* Record excerpts:
· · ·

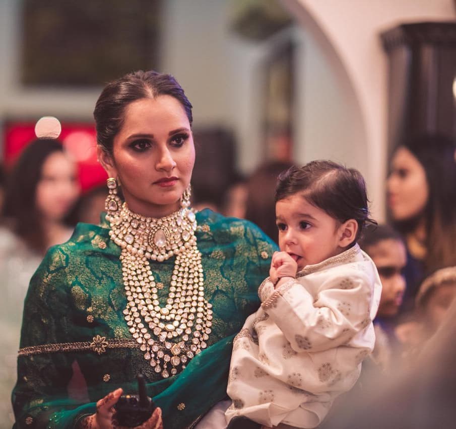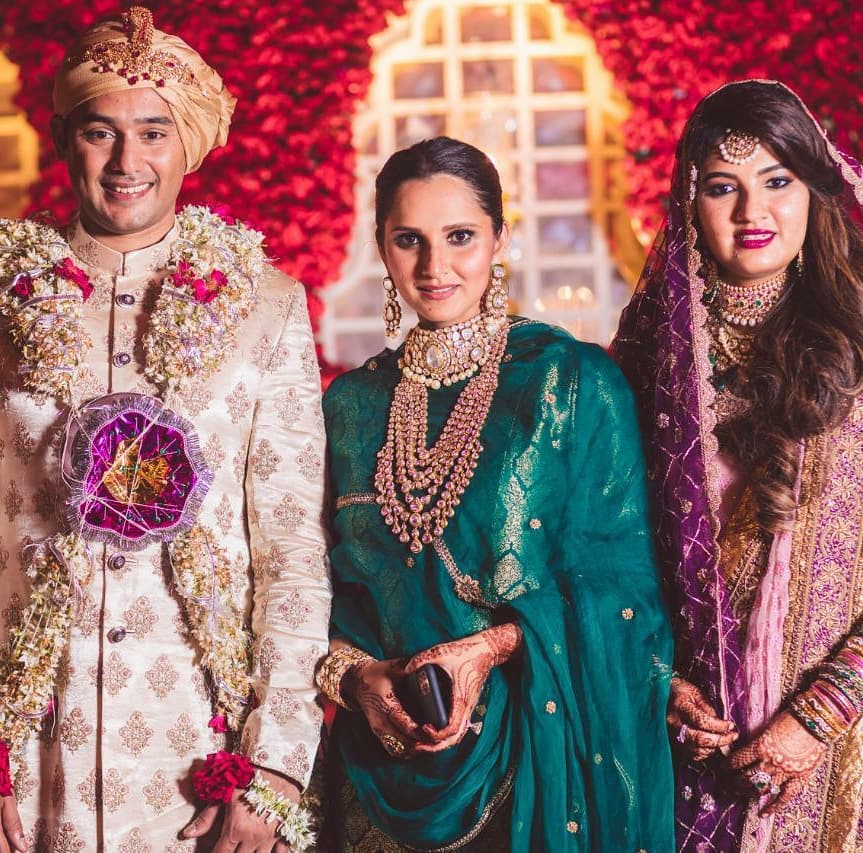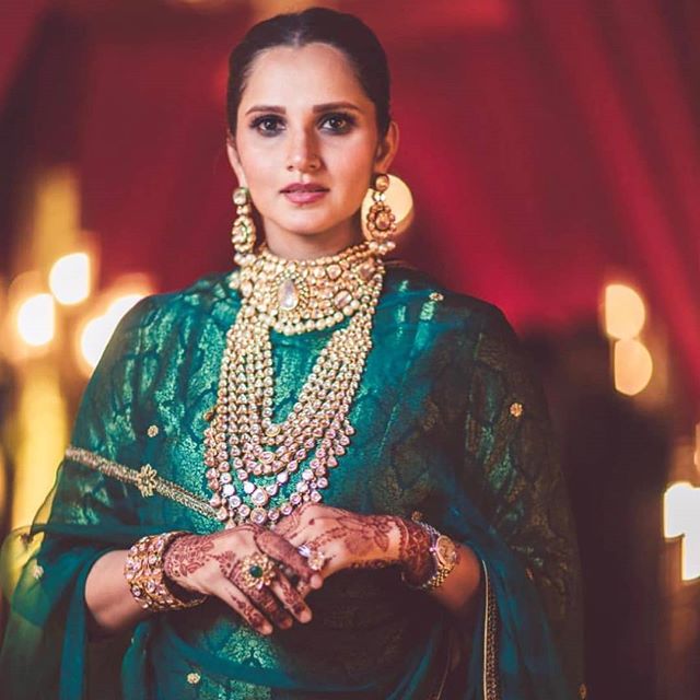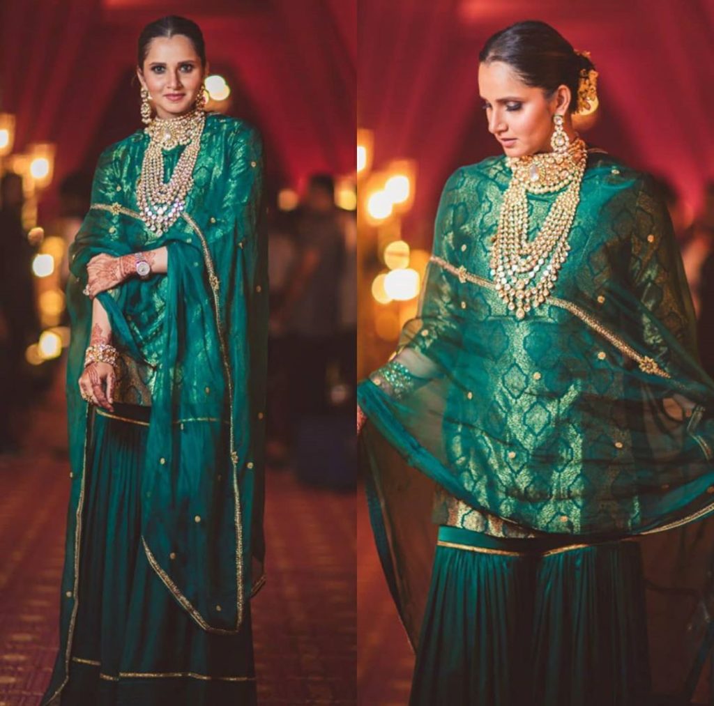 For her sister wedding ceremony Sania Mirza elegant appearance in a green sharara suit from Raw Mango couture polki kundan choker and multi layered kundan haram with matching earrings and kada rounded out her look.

· · ·

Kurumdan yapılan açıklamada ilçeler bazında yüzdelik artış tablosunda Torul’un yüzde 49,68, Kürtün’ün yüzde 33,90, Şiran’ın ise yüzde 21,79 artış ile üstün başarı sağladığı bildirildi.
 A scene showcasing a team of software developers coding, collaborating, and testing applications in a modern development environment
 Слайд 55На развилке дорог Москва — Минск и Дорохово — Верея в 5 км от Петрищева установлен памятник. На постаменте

· · ·

* What you will do: A verbatim transcription is needed of the lines above, starting at the line with "Kurumdan yapılan açıklamada" and ending at the line with "Слайд 55На развилке", both included, and of nothing else.

* Response below:
Kurumdan yapılan açıklamada ilçeler bazında yüzdelik artış tablosunda Torul’un yüzde 49,68, Kürtün’ün yüzde 33,90, Şiran’ın ise yüzde 21,79 artış ile üstün başarı sağladığı bildirildi.
 A scene showcasing a team of software developers coding, collaborating, and testing applications in a modern development environment
 Слайд 55На развилке дорог Москва — Минск и Дорохово — Верея в 5 км от Петрищева установлен памятник. На постаменте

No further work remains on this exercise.